- REQUIRED WORK
Would you please repeat all of the data exactly, omitting the pictures?

(DATA FOR THE TASK begins)

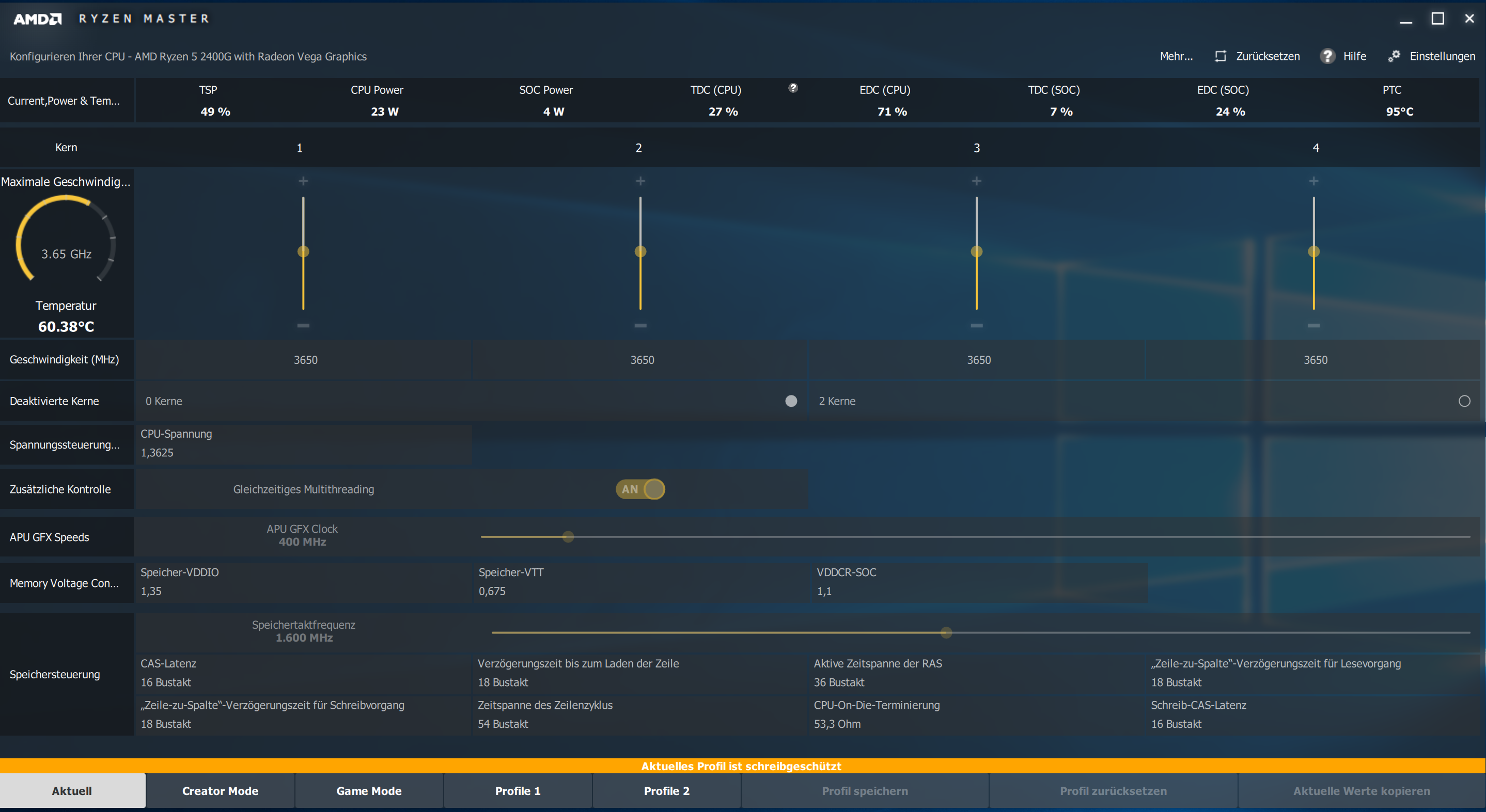 -> VCore etc getestet (leidr hier zu unerfahren -> siehe Bilder) -> durch Veränderung erzwinge ich aber eine deutliche Häufigkeit der abstürze...
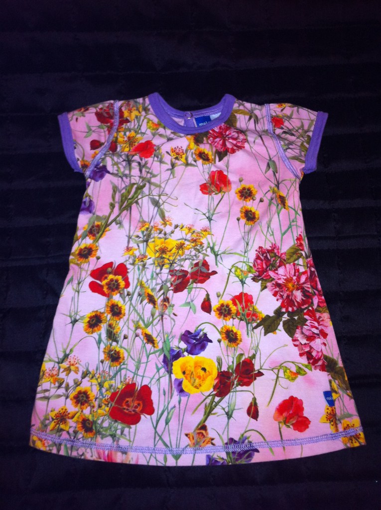 Molo kjolen er en str 74, men brugte den både i str 74 og også i 80, fordi den har korte ærmer.. så kan den bruges længere tid. Dog er den i super fin stand, og max været på 5 gange.
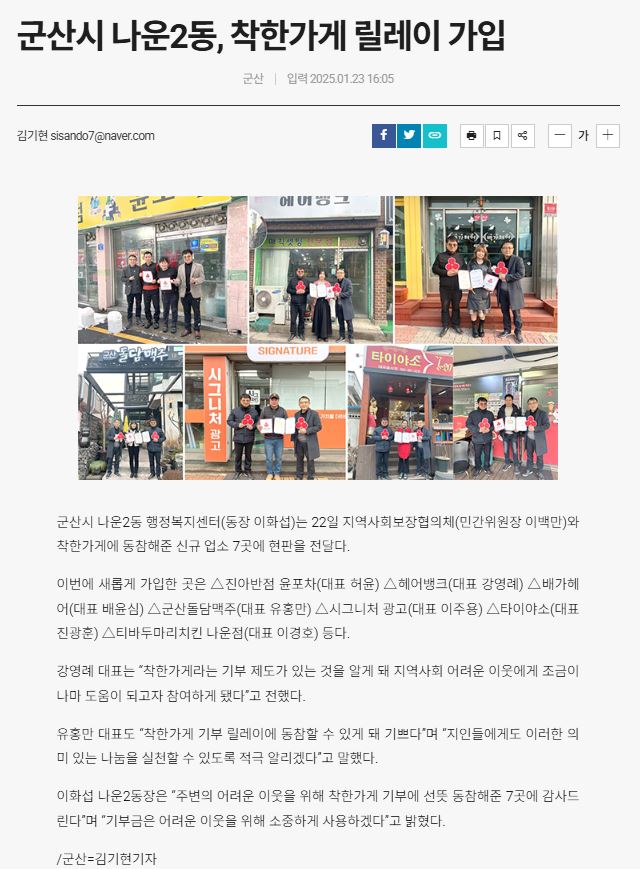 | 345 | 나운2동, 착한가게 릴레이 가입 |
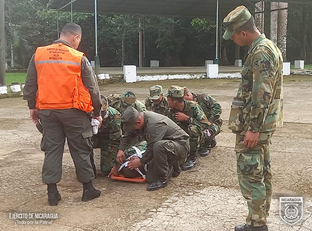 Autoridades del Ejército de Nicaragua brindaron capacitaciones en primeros auxilios, control de incendios, búsqueda y rescate, entre otros, a cinco brigadas de respuesta ante emergencias en el departamento de Río San Juan.
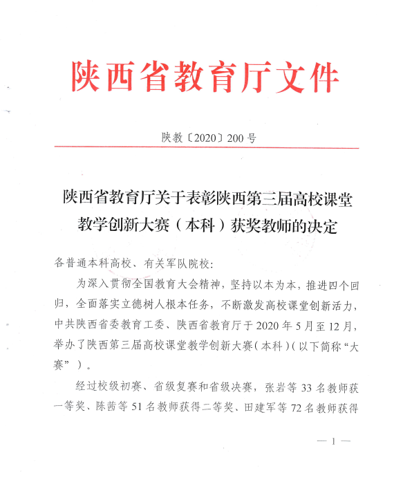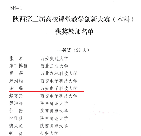 (通讯员 陈龙)日前,陕西省教育厅公布了第三届高校课堂教学创新大赛结果,公司谢琨老师获省级一等奖,取得该赛事开展以来公司最好成绩。
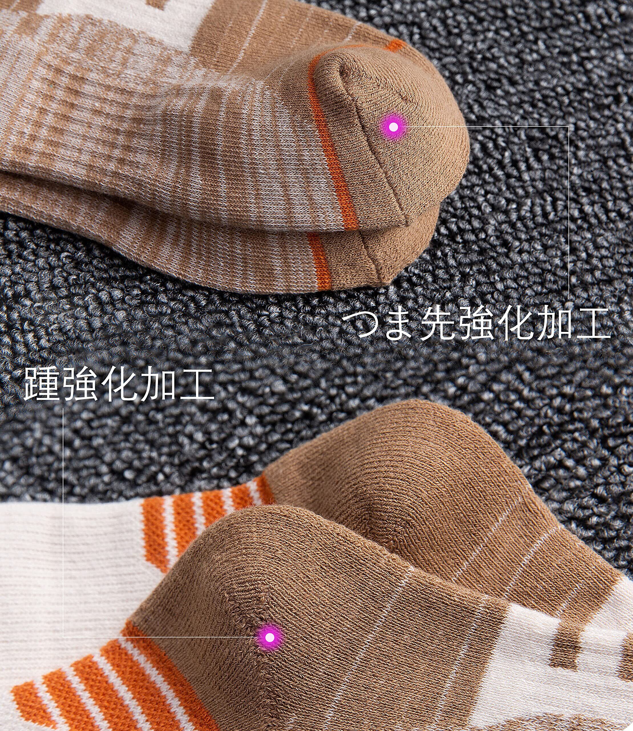 クッション 機能: 底のパイルがかなりしっかりと肉厚、衝撃を受ける部分をパイルにすることによって足を保護、疲れない、運動するときに重宝しています、長い距離を走っても問題なく使えてます。クッションも有り履き心地良いです。つま先部もやや厚めになっていて耐久性も良さそうです、丈夫で長持ち
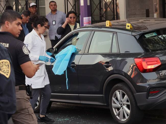 Investigadores forenses trabajan en la escena del crimen del asesinato de José Muñoz y Ximena Guzmán en Ciudad de México el 20 de mayo de 2025. (Foto de VALENTINA ALPIDE/AFP via Getty Images) / VALENTINA ALPIDE
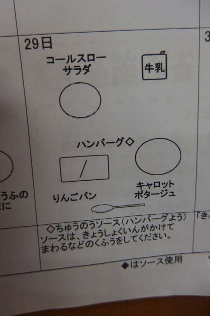 今日の給食のメニューです。
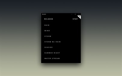 NINE DIFFERENT SOUNDS: - RAIN - WIND - STORM - STORM WITH RAIN - SEASIDE - SUMMER NIGHT - WATER STREAM - FIRE - GARDEN
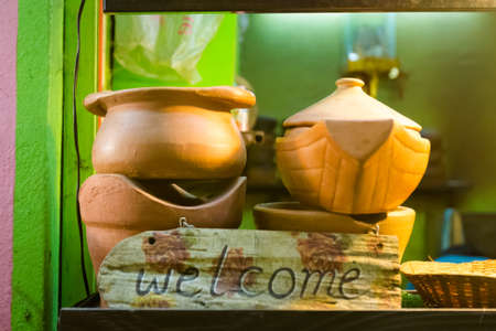 Clay pottery in the market, Thailand. Selective focus.

(DATA FOR THE TASK ends)

- YOUR RESPONSE
 -> VCore etc getestet (leidr hier zu unerfahren -> siehe Bilder) -> durch Veränderung erzwinge ich aber eine deutliche Häufigkeit der abstürze...
 Molo kjolen er en str 74, men brugte den både i str 74 og også i 80, fordi den har korte ærmer.. så kan den bruges længere tid. Dog er den i super fin stand, og max været på 5 gange.
 | 345 | 나운2동, 착한가게 릴레이 가입 |
 Autoridades del Ejército de Nicaragua brindaron capacitaciones en primeros auxilios, control de incendios, búsqueda y rescate, entre otros, a cinco brigadas de respuesta ante emergencias en el departamento de Río San Juan.
 (通讯员 陈龙)日前,陕西省教育厅公布了第三届高校课堂教学创新大赛结果,公司谢琨老师获省级一等奖,取得该赛事开展以来公司最好成绩。
 クッション 機能: 底のパイルがかなりしっかりと肉厚、衝撃を受ける部分をパイルにすることによって足を保護、疲れない、運動するときに重宝しています、長い距離を走っても問題なく使えてます。クッションも有り履き心地良いです。つま先部もやや厚めになっていて耐久性も良さそうです、丈夫で長持ち
 Investigadores forenses trabajan en la escena del crimen del asesinato de José Muñoz y Ximena Guzmán en Ciudad de México el 20 de mayo de 2025. (Foto de VALENTINA ALPIDE/AFP via Getty Images) / VALENTINA ALPIDE
 今日の給食のメニューです。
 NINE DIFFERENT SOUNDS: - RAIN - WIND - STORM - STORM WITH RAIN - SEASIDE - SUMMER NIGHT - WATER STREAM - FIRE - GARDEN
 Clay pottery in the market, Thailand. Selective focus.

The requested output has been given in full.